# NE GA Training or Suggestions



## thelaw (Jan 22, 2010)

I'm new to the GSD breed but we have been dog owners all of our lives. While our other dogs are well behaved and know the basics (sit, come, down, etc) I want to do much more with my GS. Due to work issues and other factors, I haven't gotten to start the "real" training as early as I would like to but I'm ready to move forward now. My GS is 10 months old and knows sit, come, drop it, down and generally speaking will follow those commands. 

I have two main areas of focus right now which are not pulling when we walk and coming when I call. I think it is known as recall here. When outside, with lots of distractions, come is typically ignored. 

Obviously, I'm the one that needs trained first so I have spent many hours on Google looking for trainers in the area, training ideas, methods, tools etc. I know to stay away from the box stores for training. I heard good things about Leerburg DVD's, but they don't seem to get good support on this site and I'm really more of a "show me and then let me try" learner. I think real interaction with a Trainer or someone who knows what they are doing is going to be much better for me to learn how to train my dog.

Future training plans - I'm not sure where I want to go or how far but Canine Good Citizen is important I think and then I can go from there. Any sugestions or ideas would be greatly appreciated. I live in the Winder, Athens Gwinnett area of NE GA. 

Thanks in advance.
Ron


----------



## BlackPuppy (Mar 29, 2007)

Don't you love little puppies you follow you everywhere and come at the slightest request?







Then they get that age where so many other things are more interesting. 

Things to focus on for recall are, do not call your dog if you know he's not going to come. Spend time with your dog on a long line 15 to 20 feet is good and practice recall with that so you can reel in your dog if he's ignoring you. Make sure there's a reward for coming, that could be tons of praise or a special treat, whatever motivates your dog. 

My dogs zoom into the house when I call them because I usually give them a treat for such a good performance. If they just come in on their own, the treats are hit and miss to keep them guessing. My dogs aren't 100%, though.
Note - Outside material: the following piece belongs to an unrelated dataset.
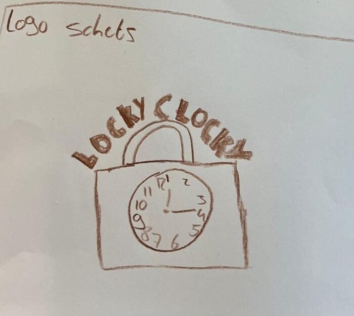 Op de afbeeldingen hieronder zijn de eerste schetsen te zien die we hebben gemaakt tijdens de prototyping fase. We wilden het concept van onze Locky Clocky visueel maken, zodat we beter konden bespreken hoe het product eruit zou moeten komen te zien. In deze schetsen hebben we geprobeerd om het idee van een wekker die je op een manier dwingt om actief te worden duidelijk weer te geven. Het slot-achtige ontwerp van het logo staat voor het ‘locky’ gedeelte, terwijl de klok in het midden van het slot het wekker gedeelte van het product voorstelt. Bij de schets van de wekker zelf hebben we gekeken naar wat de eindgebruiker echt wou en wat wij erin wouden. Hoewel dit toen nog erg ruw was, hielp deze schets ons om het concept tastbaar te maken. Door het tekenen kwamen we erachter welke elementen we belangrijk vinden, zoals de vorm, het sluiting mechanisme en de uitstraling van de wekker. Dit soort vroege prototypes zijn echt heel handig, omdat je dan al een eerste gevoel krijgt van hoe het product eruit kan gaan zien, zonder dat je meteen technisch of moeilijk hoeft te doen.

Once Balto slipped his collar to chase a squirrel up a tree. I had to call him 3 times before he came. After he came to me, then I walked over to the tree with him so he could finish watching the squirrel. For him that was a great reward.


----------



## BlackPuppy (Mar 29, 2007)

As for walking nicely, or heeling, there are many ways to accomplish this, but I think it depends a lot on your dog. The sad thing is, many trainers focus on one way to do things. 

My suggestion is to find an AKC dog training club to start on the basics. There are many things that a novice can do incorrectly and not even know it. Dogs are very literal and consistency is key. One on one training is good occassionally, but group training is good to get the dog used to being around people and dogs who might be unpredictable.

After you get you CGC, I'll be you'll want to move up to Companion Dog and who knows what else. Training can be addicting.









There's a link for a club search. 
http://www.akc.org/clubs/search/index.cfm

ETA: I'm a huge fan of clicker training now. Didn't used to be, and I've used many training methods in the past. But I really love the clicker. Check out clickertraining.com.


----------



## thelaw (Jan 22, 2010)

Blackpuppy - Thank you for the information. I have contacted the AKC group you linked to for training schedules and look forward to being trained so I can do these things properly.


----------



## bigskyfarm (Mar 1, 2009)

There is a great GSD trainer- Ashley Barrientos- in Monroe. http://www.ashleyhillspetcenter.net . Our Schutzhund club meets at his facility on Saturdays also. Ashley gives private and group lessons and does a great job.


----------